H. Motion to Extend Trial Length
As a final matter, the court turns to UFA's unopposed motion to extend the trial length (Mot. to Extend). UFA requests that the court double the trial length from four to eight days on the basis that the parties did not fully grasp the complexity of the case when they originally proposed a trial length of five days. (See id.; see also Stip. (Dkt. 70.)) The Federal Rules of Civil Procedure provide that a schedule may be modified only for good cause and with the judge's consent. Fed. R. Civ. P. 16(b)(4). Because this order on the parties' motions for summary judgment substantially narrows the issues for trial, the court finds that UFA has not shown good cause to lengthen the trial.

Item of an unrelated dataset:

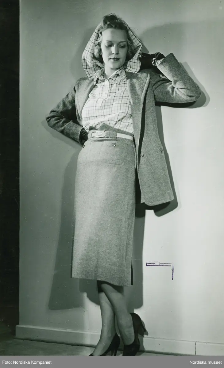 Modell i dräkt och rutig blus med kapuschong, handskar och pumps.

Therefore, the court DENIES UFA's motion to extend the trial length.
For the foregoing reasons, the court GRANTS in part and DENIES in part UFA's motion for partial summary judgment (Dkt. # 119). The court also GRANTS in part and DENIES in part Sportsman's motion for summary judgment (Dkt. # 117). The court GRANTS Plaintiffs' motion for partial summary judgment (Dkt. # 101). The court STRIKES Alamo, Wholesale, and Mr. Gaube's motion to join (Dkt. # 125). The court DENIES UFA's motion to extend the trial length (Dkt. # 121). Finally, the court DIRECTS the clerk to SEAL the exhibit filed at docket number 118-8, and DIRECTS Sportsman to file a redacted version of this exhibit that comports with Local Rule 5.2. See Local Rules W.D. Wash. LCR 5.2.
At this point, the claims remaining for trial are: Plaintiffs' breach of contract and misrepresentation claims against Wholesale; Plaintiffs' tortious interference with contract claims against Alamo, Mr. Gaube, and UFA; and Plaintiffs' fraudulent transfer claims against all defendants. (See Am. Compl. ¶¶ 26-33.)
Dated this 28th day of January, 2015.